▶ [Task brief]:
Give the data below again exactly as it stands. Omit the pictures.

▶ [Data section]:
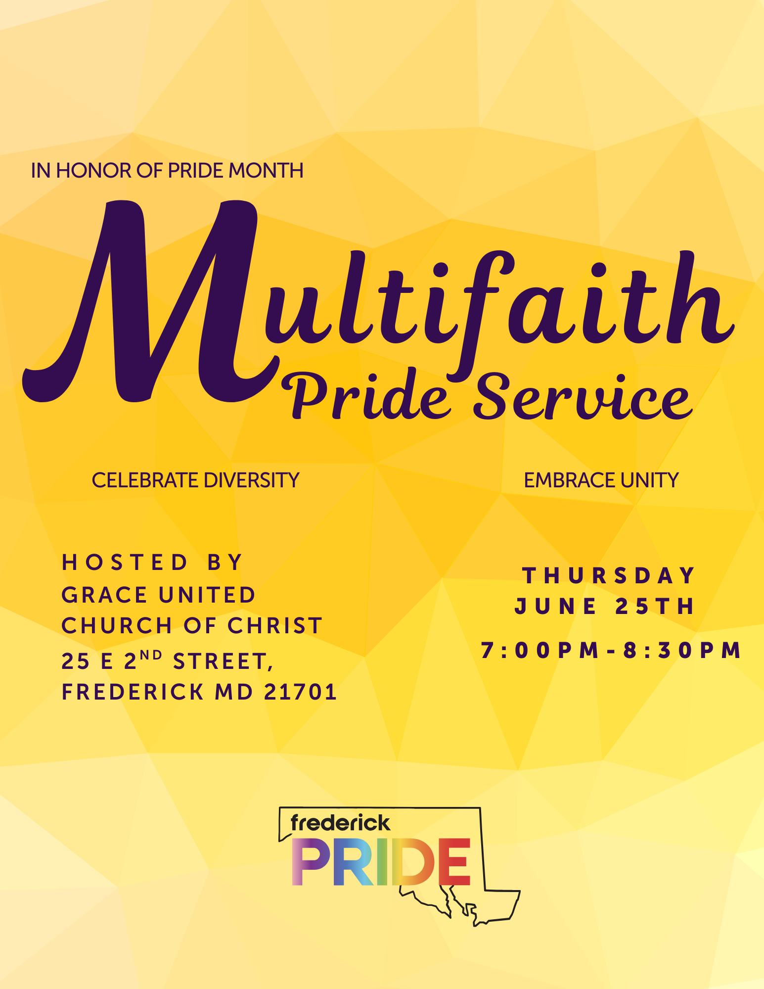 Held at Grace United Church of Christ, folks of all walks of faith are welcome to join us for the Multifaith Pride Service on Thursday, June 25th from 7:00-8:30pm. We hope to see you there!
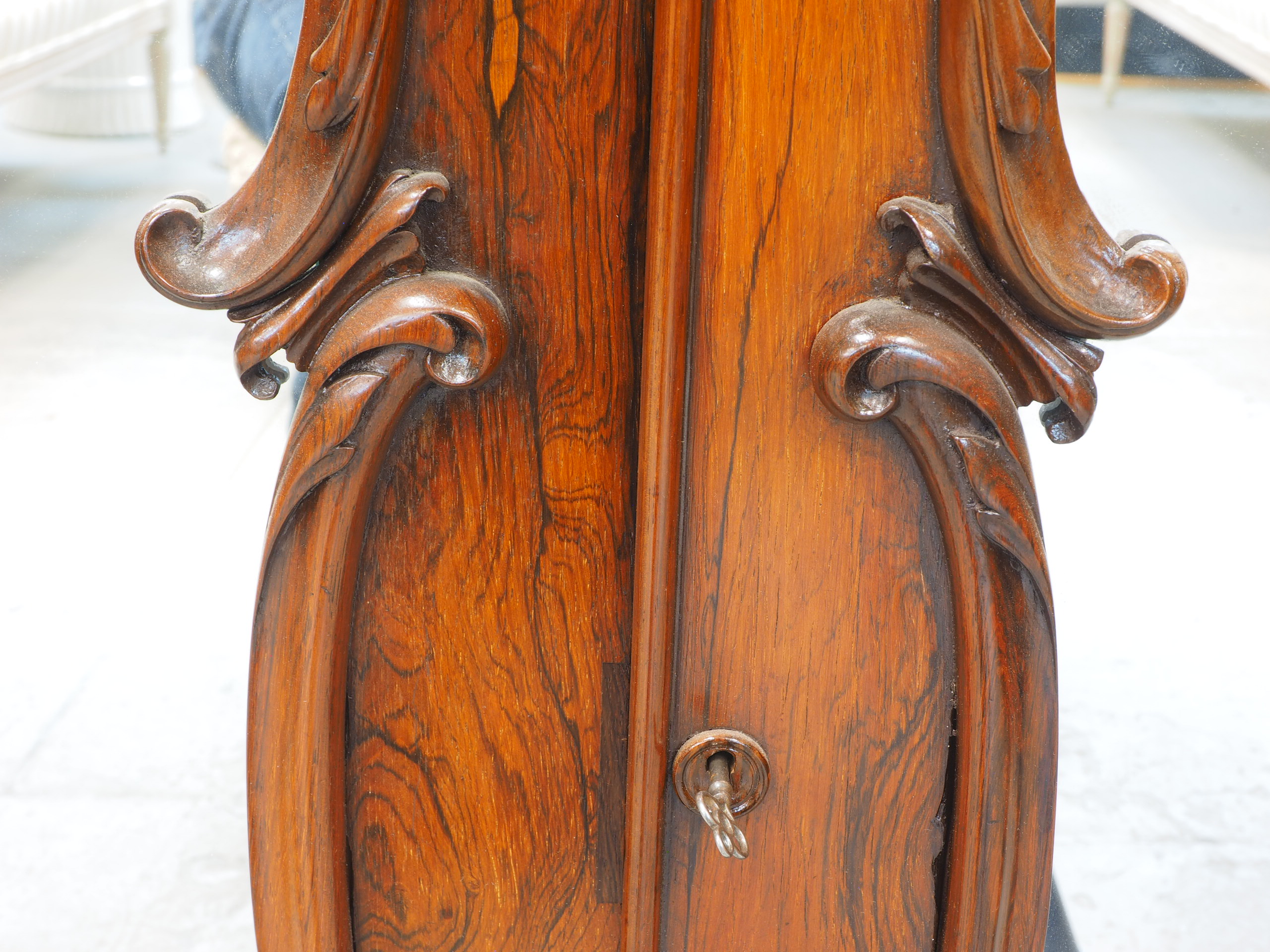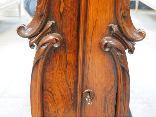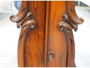 Fine antique sideboard server with much decorative carving in a flowing Art Nouveau/ Baroque style. The chosen wood is particularly rich in graining and flow. Condition is very good with age appropriate veneer lift in some areas, and some very slight nicks . There is age related acceptable wear to the interior and one shelf. Working original lock with key.
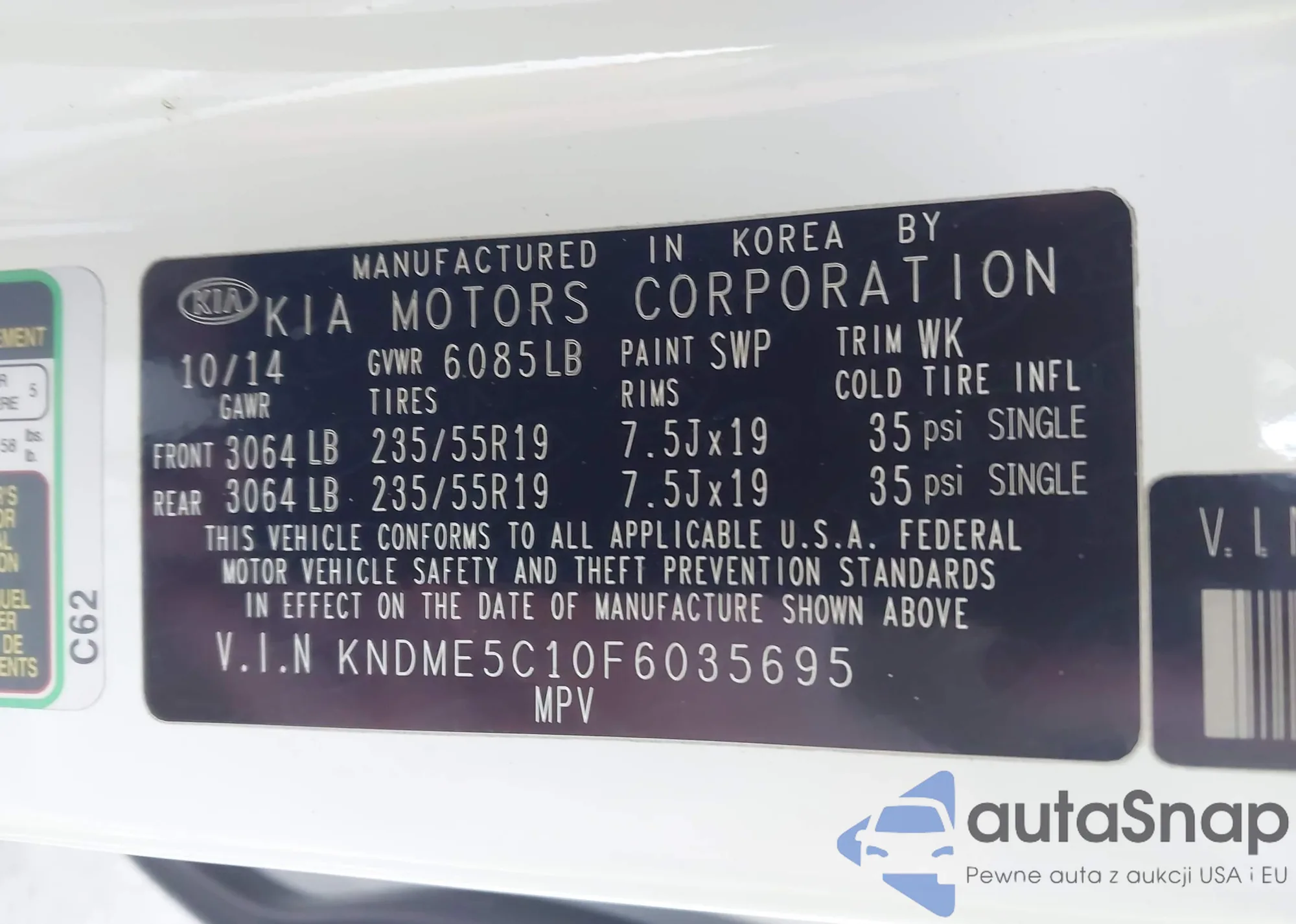 LOT: 43847220 VIN: KNDME5C10F6035695

▶ [Reply to the exercise]:
 Held at Grace United Church of Christ, folks of all walks of faith are welcome to join us for the Multifaith Pride Service on Thursday, June 25th from 7:00-8:30pm. We hope to see you there!
 Fine antique sideboard server with much decorative carving in a flowing Art Nouveau/ Baroque style. The chosen wood is particularly rich in graining and flow. Condition is very good with age appropriate veneer lift in some areas, and some very slight nicks . There is age related acceptable wear to the interior and one shelf. Working original lock with key.
 LOT: 43847220 VIN: KNDME5C10F6035695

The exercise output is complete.